HFUS assessment of lesions before and after steroid infiltration has proven to improve the accuracy of skin lesion depth measurement, supporting diagnosis, staging, treatment plan and monitoring of treatment response. , , UHFUS detects lesions <0.1 mm and small fluid collections with a better differentiation among HS lesions, thus improving patient monitoring. Our data confirm that UHFUS is really useful in baseline assessment, in treatment planning, in managing the infiltration phases and in monitoring of treatment response. The use of UHFUS enabled us also to select non fibrotic scarring fistulae, according to the Ultrasonographic Classification of Fistulous Structures, with a better chance of responding to medical therapy and reducing surgery, which is instead recommended when there is scarring tissue. , With UHFUS we were also able to assess edema and Color–Doppler vascularization, obtaining an important indication of the HS lesions' inflammation and treatment response.

In addition, being able to detect small fluid collections even in clinically stable lesions (repeating the steroid infiltration monthly until the achievement of a clinical and ultrasound response) led to a complete clinical remission after 90 days in 70.4% of patients.
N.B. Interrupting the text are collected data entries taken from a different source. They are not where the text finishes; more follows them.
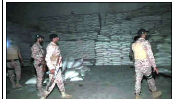
KARACHI: Sindh Rangers officials recovered huge quantity of sugar during operation at illegal godown located on Baldia Town in Karachi
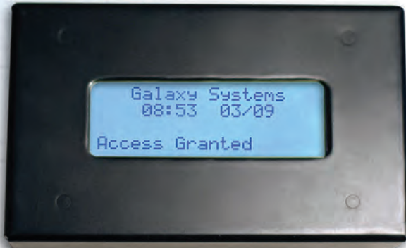
Typical LCD display on a reader door following a successful card swipe.
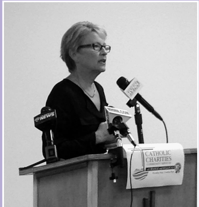
I had the opportunity to speak about mental health and substance abuse at Catholic Charities in Middletown.

More money in your pocket is good for you and it's good for our economy. Beginning in 2018, taxpayers will receive a tax cut of $270 million, increasing to $3 billion by 2025. We will have the lowest income tax rates in New York since World War II.
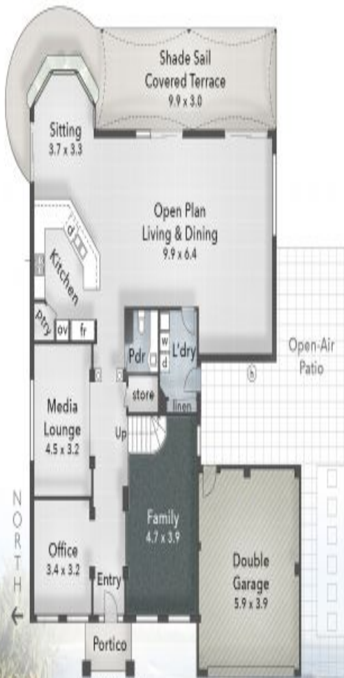
// FLOOR PLAN Ground Floor - 2.6m Ceiling
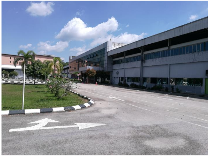
Block 1 Overall View
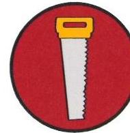
ST. JAMES THE LESSER According to tradition, St. James was stoned and sawn by his attackers.
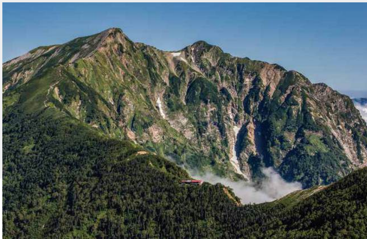
Mt.Kashimayarigatake seen from Mt.Jiigatake
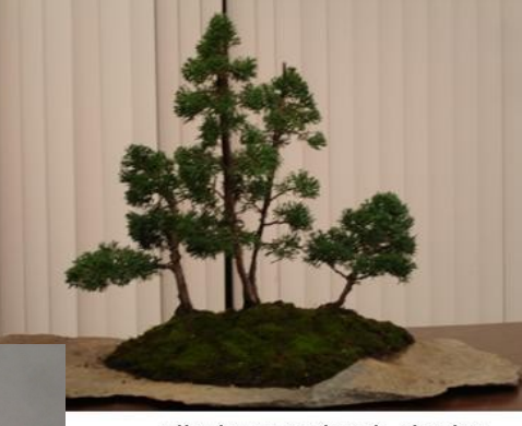
Clinging to rock style planting
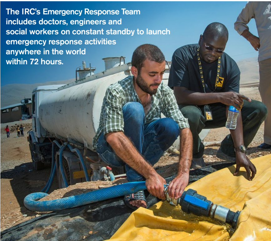
The IRC’s Emergency Response Team includes doctors, engineers and social workers on constant standby to launch emergency response activities anywhere in the world within 72 hours.
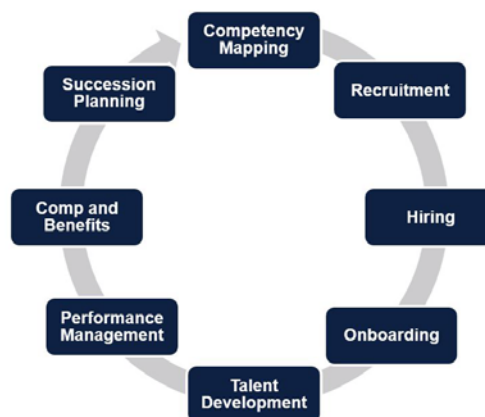
Figure 1 Talent information integration management network structure system

According to the progressive relationship of professional knowledge, the experimental teaching of national economic management specialty consists of basic experiment, course experiment and comprehensive experiment. Knowledge and technological innovation, as two main driving forces, need to cultivate financial management talents with good scientific and cultural literacy, solid professional foundation, strong self-learning ability and innovative ability. Figure 1 is the network structure system of talent information fusion management.
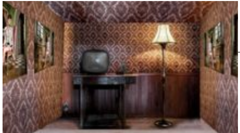
FINE ART PHOTOGRAPHY ONTO VINTAGE WALLPAPER.
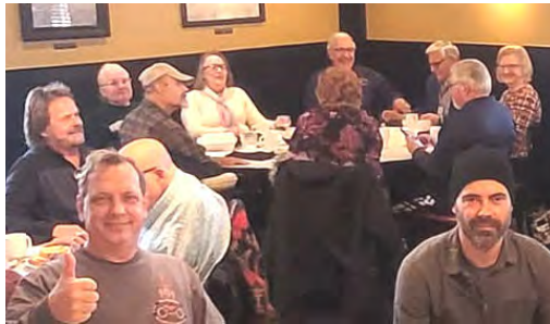
What a fine group we had at Casper's.

Our room was very nice and comfortable and lent itself well to visiting with one another. Casper's is a place where you never get rushed, and there is no urgency to turn over your table for the next customer. It just made for a nice relaxing place for our meal and to celebrate another year with our members.

This was shown by the long‐term follow‐up data confirming a statistically significant reduction in VAS‐pain, DLQI, HS‐PGA, edema and Color–Doppler signals. The variable non‐statistically significant increase in mSartorius and HSSI scores could be because both scores are systemic and less focused on individual lesions, therefore they reflect the progression of the disease observed in five people who switched to systemic or biologic therapy.

The strengths of the study include the prospective design, the use of UHFUS in addition to a clinical assessment, the different types of inflammatory lesions included and the medium‐term follow up period. The limitations of the study are the small sample size, open sample size and lack of a control group.

CONCLUSIONS

Intralesional steroids are safe and effective in patients with ≤3 acute lesions that are not responsive to topical therapy, and can stop the evolution of acute lesions in chronic lesions, thus avoiding the use of systemic antibiotics. This treatment could be used as a therapeutic alternative to deroofing/laser/local excision in mild or moderate disease but also to manage acute flares in addition to systemic antibiotics or biological therapy in moderate or severe disease stages. In our experience, the 1:2 dilution gives better results than the 1:4 dilution with the same safety profile. Checking the correct position of the needle inside the lesion with the probe enables higher drug doses to be used, thus maximizing the results with a minimal risk of adverse events such as atrophy.

Long‐term, multicenter, prospective, large cohort‐based studies with control groups are needed in order to compare ultrasound guided injections with the standard procedure, to confirm the advantages of a more precise and controlled technique and to standardize the methodology.

AUTHOR CONTRIBUTIONS

Michela Iannone, Teresa Oranges, Lorenzo Balderi, Bianca Benedetta Benincasa, Saverio Vitali, Giulia Tonini, Riccardo Morganti, and Giulia Davini contributed to the conception and design, acquisition of data, analysis and interpretation of data. Valentina Dini, Agata Janowska, and Marco Romanelli were involved in drafting the manuscript and revising it critically for important intellectual content.

ETHICS STATEMENT

Reviewed and approved by the Institutional Ethics Committee with protocol code SUS1‐AD ASTRA.